◆ Work required ◆
The response should hold every record from the listing that follows, verbatim, and no pictures.

==================================================

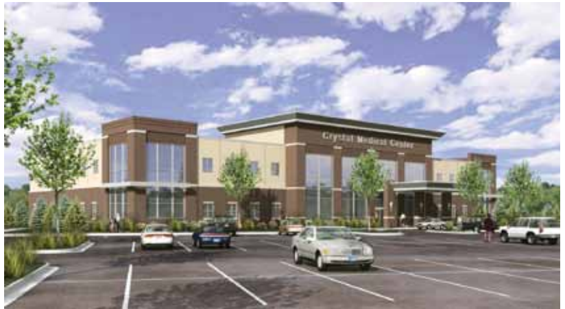
Proposed medical clinic at 5700 Bottineau Blvd.

A private developer has submitted site and building plans for a new $12 million, 43,000 sq. ft. medical clinic to be located on the east side of Bottineau Boulevard south of Airport Road. The clinic would be accessed from the new “backage road” being built by Hennepin County as part of its County Road 81 reconstruction project. The clinic would provide Northwest Family Physicians with a new, state-of-the-art facility for their practice plus additional space for other medical tenants. The developer is purchasing approximately half of the 4 acre site from Hennepin County through the Crystal EDA. For the other half, the developer has negotiated voluntary purchase agreements with private property own-
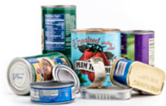
METAL Food & Beverage Cans (non-aerosol)

ONLY the items listed below should go in your household recycling bin. If you're unsure, don't risk contaminating the load and place the item in the trash.
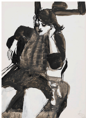
Frank Lobdell (American, 1921–2013) Figure Drawing Series No. 33 , 1966 Ink and gouache on coated paper 17 x 12-1/2 in. Norton Simon Museum, Gift of The Frank Lobdell Trust © Frank Lobdell Trust
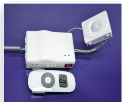
Sensor with Receiver & Emitter
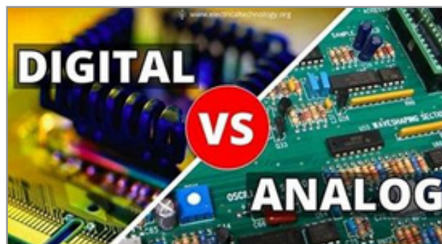
Figure 4: Digital IC Versus Analog

The ongoing shift from analog to digital systems across industries will be greatly aided by the continued development of digital integrated circuits (ICs). Refer to Figure 4.
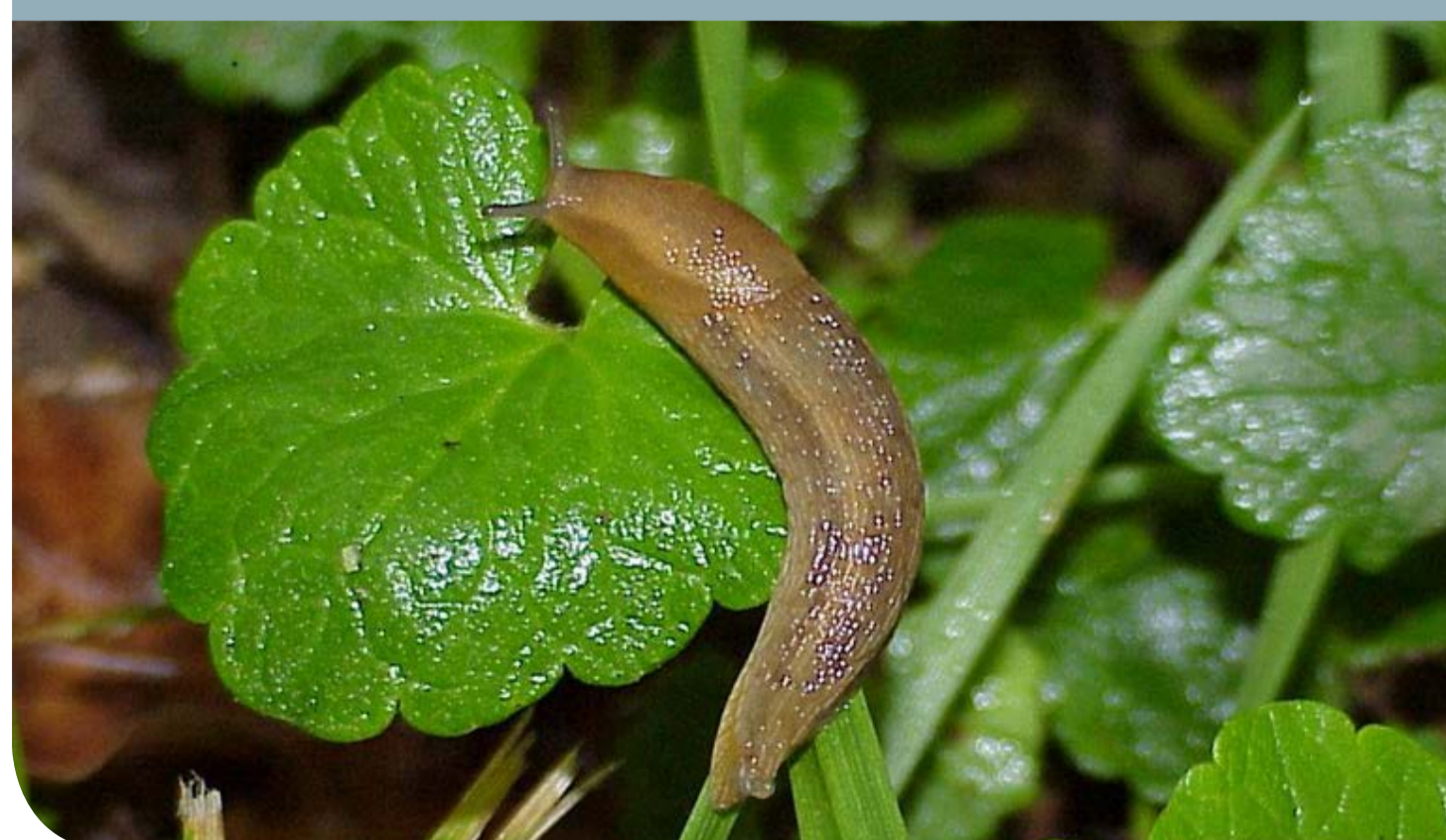
Slugs GRB/BB Derocerus spp., Arion spp. and others
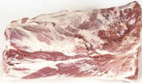
1 Collar of pork – bone-in.
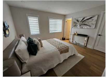
Pic. 19: Bedroom 5
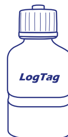
Buffer assembly Not Included (Silica sand recommended for temperatures below -40°C)

==================================================

◆ Response to this exercise ◆
Proposed medical clinic at 5700 Bottineau Blvd.

A private developer has submitted site and building plans for a new $12 million, 43,000 sq. ft. medical clinic to be located on the east side of Bottineau Boulevard south of Airport Road. The clinic would be accessed from the new “backage road” being built by Hennepin County as part of its County Road 81 reconstruction project. The clinic would provide Northwest Family Physicians with a new, state-of-the-art facility for their practice plus additional space for other medical tenants. The developer is purchasing approximately half of the 4 acre site from Hennepin County through the Crystal EDA. For the other half, the developer has negotiated voluntary purchase agreements with private property own-
METAL Food & Beverage Cans (non-aerosol)

ONLY the items listed below should go in your household recycling bin. If you're unsure, don't risk contaminating the load and place the item in the trash.
Frank Lobdell (American, 1921–2013) Figure Drawing Series No. 33 , 1966 Ink and gouache on coated paper 17 x 12-1/2 in. Norton Simon Museum, Gift of The Frank Lobdell Trust © Frank Lobdell Trust
Sensor with Receiver & Emitter
Figure 4: Digital IC Versus Analog

The ongoing shift from analog to digital systems across industries will be greatly aided by the continued development of digital integrated circuits (ICs). Refer to Figure 4.
Slugs GRB/BB Derocerus spp., Arion spp. and others
1 Collar of pork – bone-in.
Pic. 19: Bedroom 5
Buffer assembly Not Included (Silica sand recommended for temperatures below -40°C)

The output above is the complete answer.